As the computations can take some time, a progress bar is built into
the function. You can deactivate it by setting the parameter
show_progress
to FALSE (function
boot_cat_bin
). Recommended if the output is in a
Rmarkdown document.
cat_var <- c("alcohol_cat", "bread_cat", "coffee_cat", "duck_cat", "eggs_cat",
"fruit_cat")
bin_var <- c("gin_bin", "ham_bin")
inferred_adj_matrix <- boot_cat_bin(obs_data,
list_cat_var = cat_var,
list_bin_var = bin_var,
method = "mic",
threshold_cat = thresh_ord_ord,
threshold_bin = thresh_bin_bin,
threshold_bin_cat = thresh_ord_bin,
boots = 5000,
show_progress = FALSE)
#> Performing boostrap inference with method : mic
# Print how many edges have been removed
n_null_before <- (length(which(adjacency_matrix==0))-ncol(obs_data))/2
n_null_after <- (length(which(inferred_adj_matrix==0))-ncol(obs_data))/2
print(paste(n_null_after - n_null_before, "edges have been removed"))
#> [1] "9 edges have been removed"
graph1 <- graph_from_matrix(adjacency_matrix, legend, main_title = "My graph", layout = "graphopt")
graph1
#> $igraph
#> IGRAPH 8f5cf50 UNW- 8 36 --
#> + attr: name (v/c), title (v/c), family (v/c), size (v/n), weight
#> | (e/n), width (e/n), sign (e/c), alpha (e/n)
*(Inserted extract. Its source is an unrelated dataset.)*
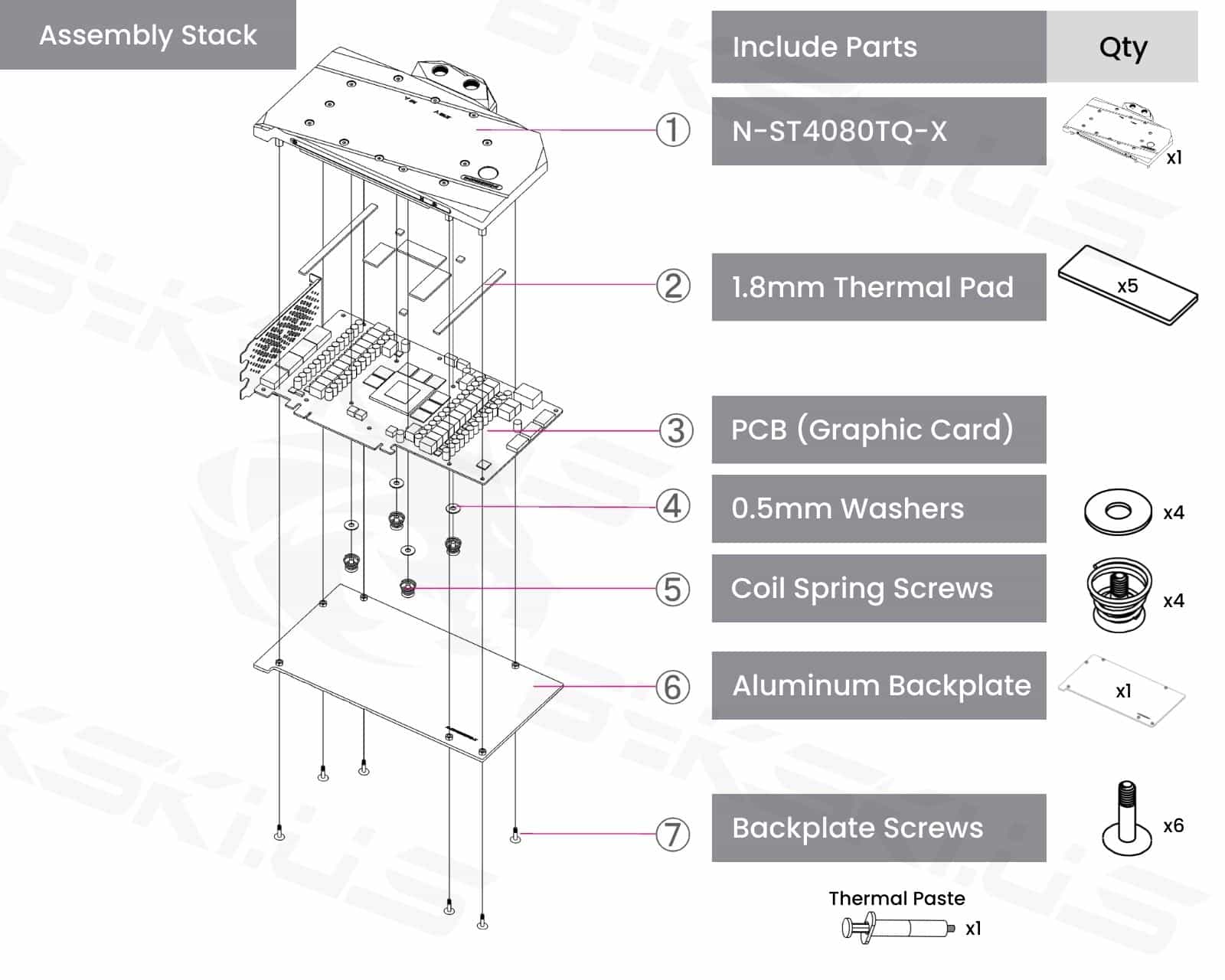 The manufacturer reserves the right to alter the block design to expand compatibility. The delivered item may not 100% match the pictured item. The product does NOT come with English instructions. Please see the product gallery images for the install guide if available. Generally, thermal pads should be installed on the card where the block has corresponding raised contact points, except the GPU core, which uses thermal paste. Installing pads on other components can lead to improper contact and poor performance.

#> + edges from 8f5cf50 (vertex names):
#> [1] alcohol_cat--alcohol_cat alcohol_cat--bread_cat alcohol_cat--coffee_cat
#> [4] alcohol_cat--duck_cat alcohol_cat--eggs_cat alcohol_cat--fruit_cat
#> [7] alcohol_cat--gin_bin alcohol_cat--ham_bin bread_cat --bread_cat
#> [10] bread_cat --coffee_cat bread_cat --duck_cat bread_cat --eggs_cat
#> [13] bread_cat --fruit_cat bread_cat --gin_bin bread_cat --ham_bin
#> [16] coffee_cat --coffee_cat coffee_cat --duck_cat coffee_cat --eggs_cat
#> [19] coffee_cat --fruit_cat coffee_cat --gin_bin coffee_cat --ham_bin
#> + ... omitted several edges
#>
#> $net
#>
#> $deg
#> name degrees
#> 1 Alcohol 9
#> 2 Bread 9
#> 3 Coffee 9
#> 4 Duck 9
#> 5 Eggs 9
#> 6 Fruit 9
#> 7 Gin 9
#> 8 Ham 9
#>
#> attr(,"class")
#> [1] "list" "foodingraph"
Useful to alter the links
# Extract the links and nodes from the adjacency matrix
links_nodes <- links_nodes_from_mat(adjacency_matrix, legend)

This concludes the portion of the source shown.